From baa3e82e56a647d0281135c8c279fa1c386e8f6c Mon Sep 17 00:00:00 2001
From: Tuomas Tikkanen <tuomas.tikkanen@hotmail.com>
Date: Mon, 20 May 2024 23:04:52 +0300
Subject: [PATCH] Fix: Limit the number of generated questions (#13596)

---
 .../llama_index/core/llama_dataset/generator.py   | 12 +++++++++++-
 .../core/llama_dataset/legacy/embedding.py        | 12 +++++++++++-
 .../finetuning/cross_encoders/dataset_gen.py      | 10 ++++++++++
 .../llama_index/finetuning/embeddings/common.py   | 12 +++++++++++-
 llama-index-finetuning/pyproject.toml             |  2 +-
 .../llama_index/packs/raft_dataset/base.py        | 15 +++++++++++++--
 .../llama-index-packs-raft-dataset/pyproject.toml |  2 +-
 7 files changed, 58 insertions(+), 7 deletions(-)

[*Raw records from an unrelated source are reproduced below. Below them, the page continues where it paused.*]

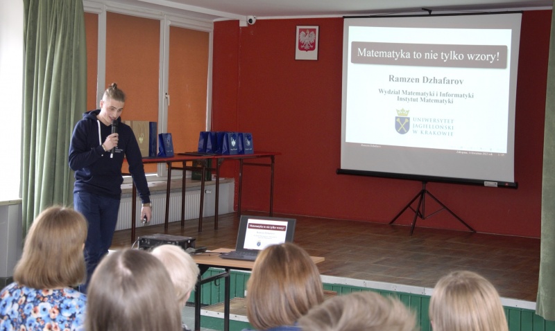 Referat „Matematyka to nie tylko wzory” wygłosił absolwent naszej szkoły, student piątego roku matematyki Uniwersytetu Jagiellońskiego, Ramzen Dzhafarov.
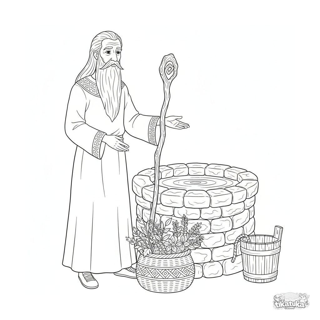 Ausmalbild für 10-12 Jahre: ein weiser Hüter an einem alten Brunnen mit lebendigem Wasser. Detaillierte Linien, realistische Züge, folkloristische Atmosphäre.
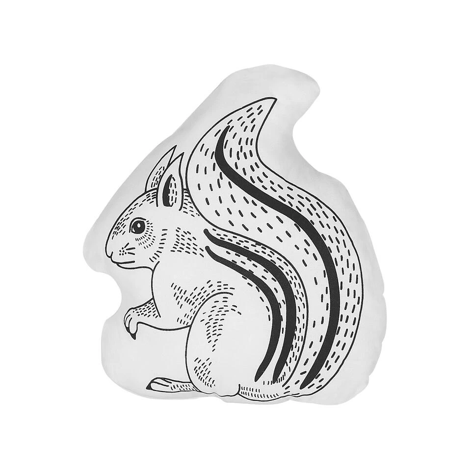 Wit en zwart sierkussen met eekhoornmotief. Dit schattige eekhoorntje is allesbehalve verlegen en zal zich prima thuisvoelen in jouw slaapkamer of kinderkamer. Het zwart-witte sierkussen van katoen met een polyester vulling in een trendy design is een ongecompliceerde en kwalitatieve mogelijkheid om je kamer net dat beetje extra te geven.
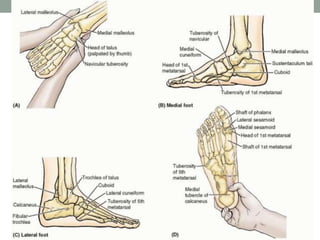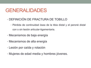 Este documento describe las fracturas de tobillo, incluyendo su definición, mecanismos, evaluación, clasificaciones, hallazgos radiográficos, tratamiento y otras lesiones asociadas como fracturas del pie, astrágalo y metatarso. Proporciona detalles sobre los tipos de fracturas, sus características y opciones de manejo quirúrgico o conservador.
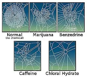 Les araignées préalablement exposées à cette molécule construisent des toiles fortement anormales, phénomène également constaté pour l'exposition à la caféine et à plusieurs substances psychoactives.
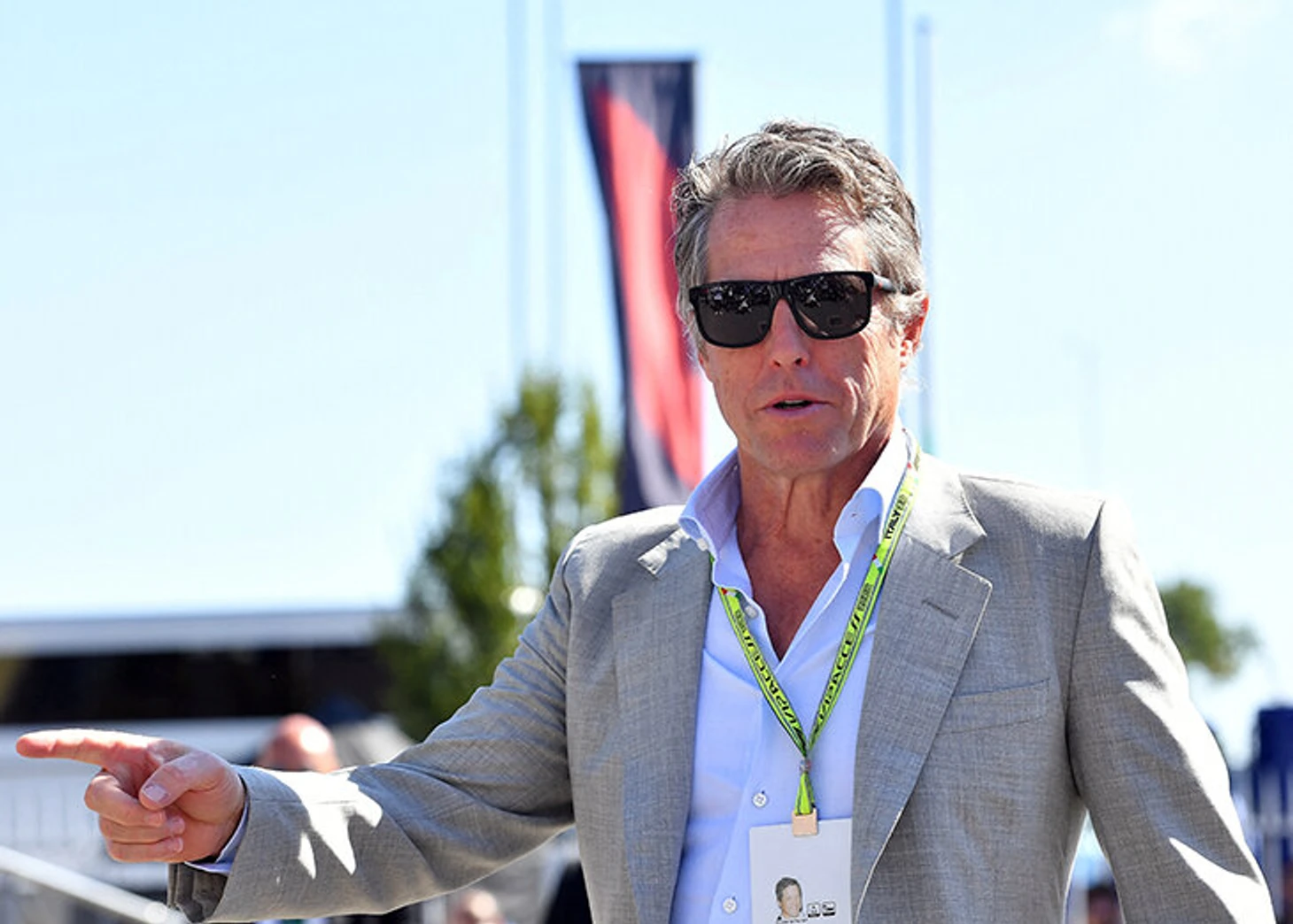 Американский актер Хью Грант торопится в боксы «Феррари» перед гонкой.

diff --git a/llama-index-core/llama_index/core/llama_dataset/generator.py b/llama-index-core/llama_index/core/llama_dataset/generator.py
index 065653485f..808ed7eb00 100644
--- a/llama-index-core/llama_index/core/llama_dataset/generator.py
+++ b/llama-index-core/llama_index/core/llama_dataset/generator.py
@@ -2,6 +2,7 @@
 from __future__ import annotations
 
 import re
+import warnings
 from typing import List, Optional
 
 from llama_index.core import Document, ServiceContext, SummaryIndex
@@ -78,6 +79,7 @@ class RagDatasetGenerator(PromptMixin):
     ) -> None:
         """Init params."""
         self._llm = llm or llm_from_settings_or_context(Settings, service_context)
+        self.num_questions_per_chunk = num_questions_per_chunk
         self.text_question_template = text_question_template or PromptTemplate(
             DEFAULT_QUESTION_GENERATION_PROMPT
         )
@@ -184,7 +186,15 @@ class RagDatasetGenerator(PromptMixin):
             ]
             cleaned_questions = [
                 question for question in cleaned_questions if len(question) > 0
-            ]
+            ][: self.num_questions_per_chunk]
+
+            num_questions_generated = len(cleaned_questions)
+            if num_questions_generated < self.num_questions_per_chunk:
+                warnings.warn(
+                    f"Fewer questions generated ({num_questions_generated}) "
+                    f"than requested ({self.num_questions_per_chunk})."
+                )
+
             index = summary_indices[idx]
             reference_context = nodes[idx].text
             model_name = self._llm.metadata.model_name
diff --git a/llama-index-core/llama_index/core/llama_dataset/legacy/embedding.py b/llama-index-core/llama_index/core/llama_dataset/legacy/embedding.py
index 41ad4e61f2..ad3922471a 100644
--- a/llama-index-core/llama_index/core/llama_dataset/legacy/embedding.py
+++ b/llama-index-core/llama_index/core/llama_dataset/legacy/embedding.py
@@ -2,6 +2,7 @@
 import json
 import re
 import uuid
+import warnings
 from typing import Dict, List, Tuple
 
 from llama_index.core.bridge.pydantic import BaseModel
@@ -89,7 +90,16 @@ def generate_qa_embedding_pairs(
         questions = [
             re.sub(r"^\d+[\).\s]", "", question).strip() for question in result
         ]
-        questions = [question for question in questions if len(question) > 0]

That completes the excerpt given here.